> **EXERCISE DETAILS**
Exactly the lines from the one containing "Hydraulic dampers prevent" through the one containing "Clanes Royale –" in the listing below are to be copied, with the pictures left out.

> **EXTRACTED INFORMATION**
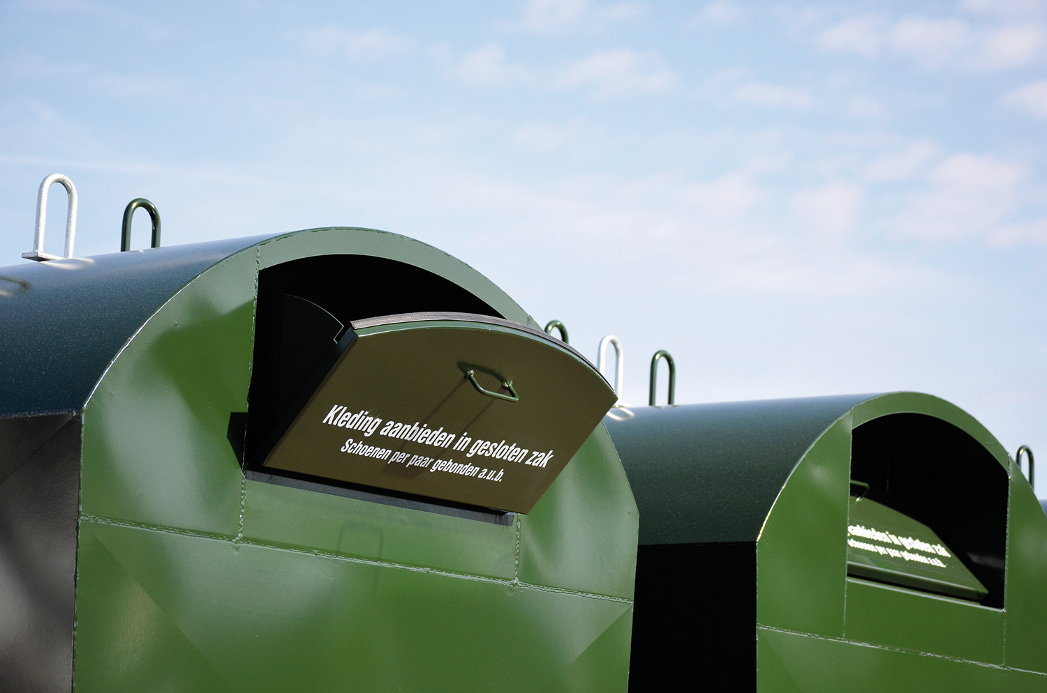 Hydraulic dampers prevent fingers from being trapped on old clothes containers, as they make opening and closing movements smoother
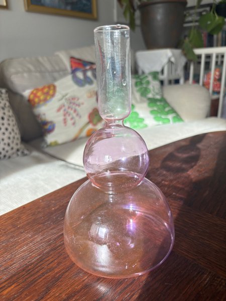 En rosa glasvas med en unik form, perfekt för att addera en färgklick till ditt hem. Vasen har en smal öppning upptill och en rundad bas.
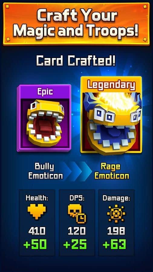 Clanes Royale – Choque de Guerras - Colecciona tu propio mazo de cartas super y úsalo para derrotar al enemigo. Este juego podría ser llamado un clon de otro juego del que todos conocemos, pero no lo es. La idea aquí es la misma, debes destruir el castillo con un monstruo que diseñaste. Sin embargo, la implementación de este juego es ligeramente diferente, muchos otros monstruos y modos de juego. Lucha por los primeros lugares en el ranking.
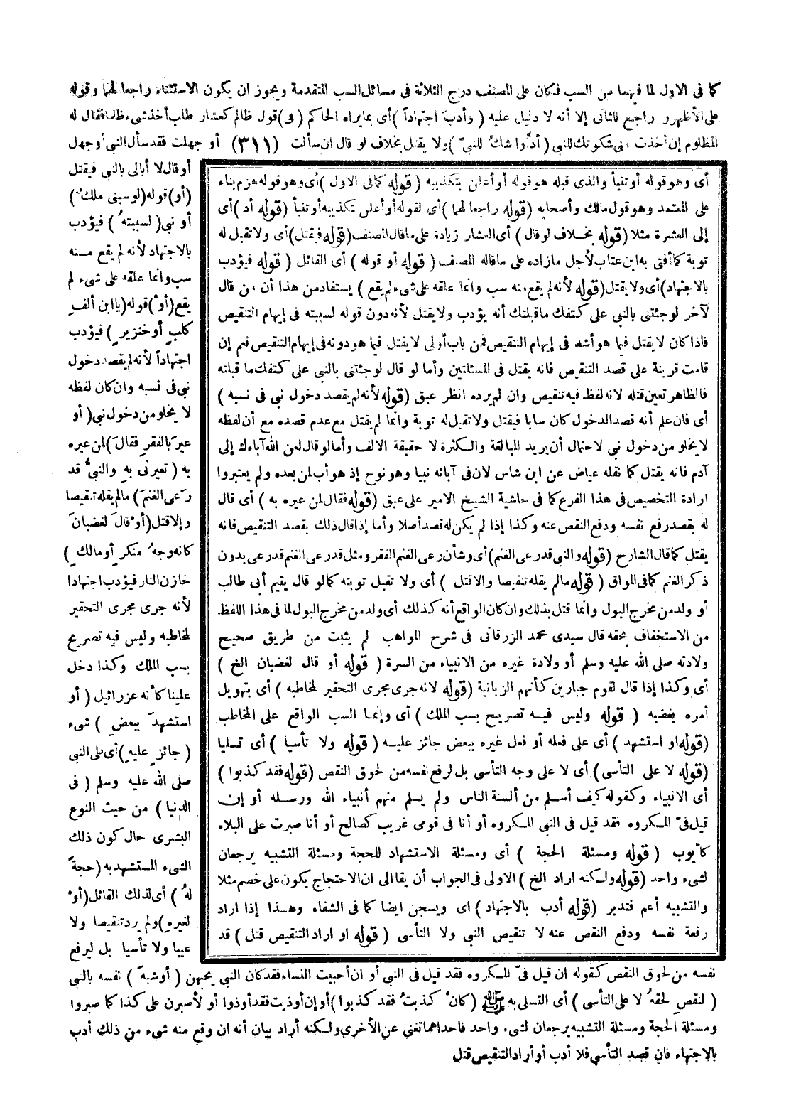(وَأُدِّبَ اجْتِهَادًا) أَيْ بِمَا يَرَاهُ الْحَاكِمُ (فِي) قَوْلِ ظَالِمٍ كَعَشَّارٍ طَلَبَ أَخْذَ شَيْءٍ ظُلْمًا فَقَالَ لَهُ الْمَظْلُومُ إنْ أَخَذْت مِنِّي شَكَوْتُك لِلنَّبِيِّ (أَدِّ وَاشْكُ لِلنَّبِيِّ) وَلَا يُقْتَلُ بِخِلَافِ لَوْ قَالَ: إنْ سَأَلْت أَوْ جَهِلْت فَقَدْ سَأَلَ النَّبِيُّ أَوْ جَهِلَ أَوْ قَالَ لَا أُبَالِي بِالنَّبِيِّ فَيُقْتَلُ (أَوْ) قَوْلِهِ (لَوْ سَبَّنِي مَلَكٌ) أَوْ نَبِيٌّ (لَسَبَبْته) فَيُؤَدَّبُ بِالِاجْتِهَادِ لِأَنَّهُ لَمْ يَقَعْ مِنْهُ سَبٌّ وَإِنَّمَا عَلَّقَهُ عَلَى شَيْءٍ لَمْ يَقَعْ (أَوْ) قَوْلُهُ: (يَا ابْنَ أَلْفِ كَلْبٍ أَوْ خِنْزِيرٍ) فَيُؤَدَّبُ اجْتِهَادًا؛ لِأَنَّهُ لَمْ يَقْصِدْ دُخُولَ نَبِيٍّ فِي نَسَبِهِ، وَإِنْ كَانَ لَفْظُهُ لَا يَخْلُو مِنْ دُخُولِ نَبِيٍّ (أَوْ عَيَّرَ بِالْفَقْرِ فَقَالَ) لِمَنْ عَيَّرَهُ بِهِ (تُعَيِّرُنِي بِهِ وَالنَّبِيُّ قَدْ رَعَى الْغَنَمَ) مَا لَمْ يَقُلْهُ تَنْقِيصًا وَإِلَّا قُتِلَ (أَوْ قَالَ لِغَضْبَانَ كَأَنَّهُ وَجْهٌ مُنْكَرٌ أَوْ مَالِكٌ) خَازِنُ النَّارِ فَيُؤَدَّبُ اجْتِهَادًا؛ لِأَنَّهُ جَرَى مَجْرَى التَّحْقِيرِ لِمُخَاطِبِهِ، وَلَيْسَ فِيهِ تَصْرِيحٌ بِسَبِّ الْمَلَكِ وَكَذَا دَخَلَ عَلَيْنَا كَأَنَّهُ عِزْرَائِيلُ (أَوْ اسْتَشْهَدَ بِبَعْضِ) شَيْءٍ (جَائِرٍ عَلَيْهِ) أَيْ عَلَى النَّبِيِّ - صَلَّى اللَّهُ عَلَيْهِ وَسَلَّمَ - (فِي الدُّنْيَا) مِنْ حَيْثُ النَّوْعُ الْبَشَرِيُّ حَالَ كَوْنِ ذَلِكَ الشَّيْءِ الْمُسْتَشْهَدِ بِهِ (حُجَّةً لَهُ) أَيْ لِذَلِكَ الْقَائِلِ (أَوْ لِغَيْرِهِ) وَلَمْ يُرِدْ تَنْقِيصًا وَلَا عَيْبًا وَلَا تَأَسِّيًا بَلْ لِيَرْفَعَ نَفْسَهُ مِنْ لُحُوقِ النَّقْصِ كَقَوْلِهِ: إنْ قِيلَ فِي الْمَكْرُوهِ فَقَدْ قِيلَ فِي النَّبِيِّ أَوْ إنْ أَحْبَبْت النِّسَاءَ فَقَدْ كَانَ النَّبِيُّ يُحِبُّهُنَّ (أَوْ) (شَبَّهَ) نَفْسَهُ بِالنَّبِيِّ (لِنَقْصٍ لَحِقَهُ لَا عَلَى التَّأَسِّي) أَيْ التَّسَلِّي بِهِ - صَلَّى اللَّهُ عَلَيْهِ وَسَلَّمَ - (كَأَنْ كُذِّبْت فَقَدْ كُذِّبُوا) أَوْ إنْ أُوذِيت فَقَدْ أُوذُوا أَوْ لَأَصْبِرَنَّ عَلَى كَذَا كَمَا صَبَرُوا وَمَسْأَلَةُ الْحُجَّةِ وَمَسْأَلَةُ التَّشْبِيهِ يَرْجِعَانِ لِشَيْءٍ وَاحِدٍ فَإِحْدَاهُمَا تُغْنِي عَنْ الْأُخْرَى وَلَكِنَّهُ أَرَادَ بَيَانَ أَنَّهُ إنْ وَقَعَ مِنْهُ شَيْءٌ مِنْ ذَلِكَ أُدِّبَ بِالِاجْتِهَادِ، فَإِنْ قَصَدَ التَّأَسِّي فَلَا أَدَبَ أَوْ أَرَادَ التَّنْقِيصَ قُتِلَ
* * *
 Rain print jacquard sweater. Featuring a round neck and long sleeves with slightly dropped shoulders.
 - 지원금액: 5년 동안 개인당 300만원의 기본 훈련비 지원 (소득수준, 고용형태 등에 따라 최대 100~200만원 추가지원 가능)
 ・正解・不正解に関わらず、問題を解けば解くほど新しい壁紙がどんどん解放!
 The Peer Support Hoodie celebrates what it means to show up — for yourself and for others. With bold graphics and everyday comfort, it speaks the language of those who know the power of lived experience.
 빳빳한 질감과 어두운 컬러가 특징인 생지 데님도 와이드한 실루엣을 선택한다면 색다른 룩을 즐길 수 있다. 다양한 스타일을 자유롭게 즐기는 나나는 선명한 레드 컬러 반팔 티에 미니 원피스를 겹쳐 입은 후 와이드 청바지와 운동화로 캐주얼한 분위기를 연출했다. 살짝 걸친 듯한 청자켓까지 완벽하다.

> **REPLY**
 Hydraulic dampers prevent fingers from being trapped on old clothes containers, as they make opening and closing movements smoother
 En rosa glasvas med en unik form, perfekt för att addera en färgklick till ditt hem. Vasen har en smal öppning upptill och en rundad bas.
 Clanes Royale – Choque de Guerras - Colecciona tu propio mazo de cartas super y úsalo para derrotar al enemigo. Este juego podría ser llamado un clon de otro juego del que todos conocemos, pero no lo es. La idea aquí es la misma, debes destruir el castillo con un monstruo que diseñaste. Sin embargo, la implementación de este juego es ligeramente diferente, muchos otros monstruos y modos de juego. Lucha por los primeros lugares en el ranking.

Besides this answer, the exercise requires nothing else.